Pink Nose. To increase Humphrey's danger, Kennedy has become the most frenetic campaigner on the road today, starting his days before 7 a.m., often skipping lunch, frequently chugging on until 3 the next morning before allowing himself food and rest. "He looks tired," the motherly types in the crowds say. "He looks like he needs a square meal." Another common observation:

"He looks like a little kid." And from younger women: "Beautiful!"

Late at night, in his chartered Boeing 727, Bobby, 42, looks neither young nor beautiful. Deep lines mark the brow. Stumping in the sun has turned his nose pink; lack of sleep has dulled and reddened his eyes. The grey wires in his tawny hair grow more visible. How goes the race for the nomination? From behind his cigar: "It's silly to talk about that. It's like trying to gauge the outcome after the first five seconds of a minute-long contest."

Exile in Proximity. That long minute runs from March, when he announced his candidacy until at least August. With luck, it will last until November. But it is the minute that his legion of kith and kin have been dreaming of ever since "President John," as Ted Kennedy refers to him, died in Dallas.

During Jack's administration, there was much half-joking about "Bobby's turn." After the assassination, it became a question of opportunity. Pierre Salinger took a leave of absence from his job as an airlines vice president last Jan. 1. Asked if he knew then that Bobby would run, Salinger replied: "I knew on Jan. 1, 1964." After Johnson ruled him out as his 1964 running mate, Kennedy was asked what he would do if something happened to the President before the next election. "I'd go after the nomination," he said.

Things were to happen to Lyndon Johnson and the nation, but he could not know it then. He could only look forward to eight frustrating years of physical proximity to and spiritual exile from the seat of power. He made the best of it, preparing for 1972, and meanwhile he built on his own legend, the good and the bad.

Charging into New York, he thrust aside resident Democratic aspirants to take on Republican Senator Kenneth Keating. The avuncular, popular incumbent accused the Kennedy people of distorting his record, and the nonpartisan Fair Campaign Practices Committee sided with Keating. It seemed of a piece with Kennedy's background: his brief stint with Joe McCarthy; the prosecutor's mentality and Sicilian yen for vendetta; the management of Jack's 1960 campaign, in which lovable Hubert Humphrey had been driven from the race and humiliated. Now, in New York, "carpetbagging" and dirty pool. But he went on to win, and to capture uneasy primacy in the party.
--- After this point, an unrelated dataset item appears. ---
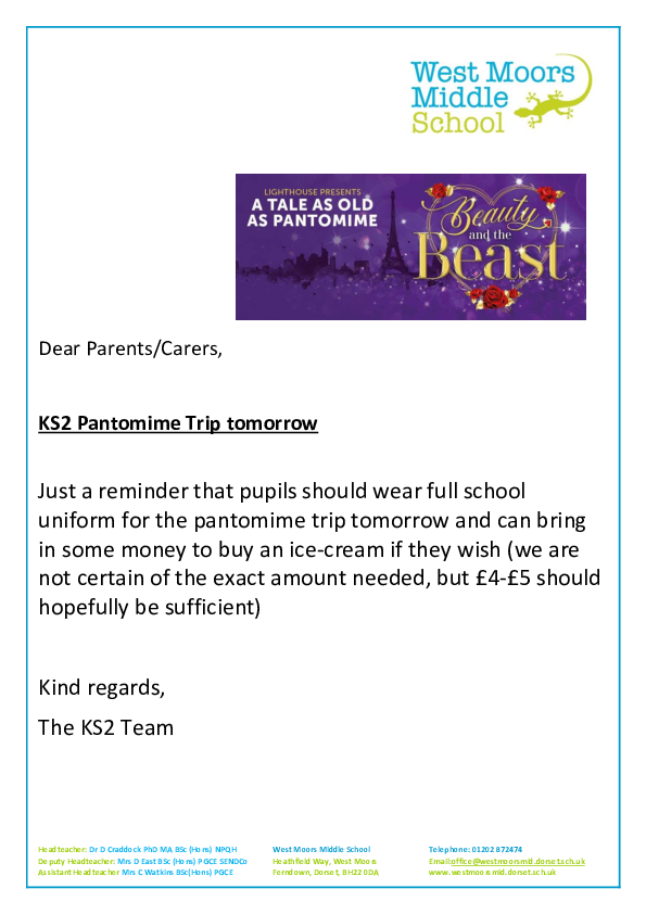 Letter to Parents and Carers- KS2 Pantomime

Although Robert Kennedy chafed at the Senate's rituals and pace, he was able to use his new position effectively to hew a niche of his own. He traveled widely, spoke incessantly, and became increasingly critical of the Administration. Addressing himself to issues ranging from auto safety to social justice in the Americas, North and South, Kennedy labored mightily to establish himself as the little man's big friend.

Was it wholly an image-building performance? His critics suspected as much. TIME Correspondent Hays Gorey, who has followed the career of Bobby as Senator and candidate, does not agree: "No one who has seen Kennedy on the Indian reservations of Arizona or Idaho, no one who has seen him in the stinking hovels of Appalachia, no one who has seen him take the hand of a starving Negro child in the Mississippi Delta, accuses him of acting. Neither he nor any other politician could be that good an actor."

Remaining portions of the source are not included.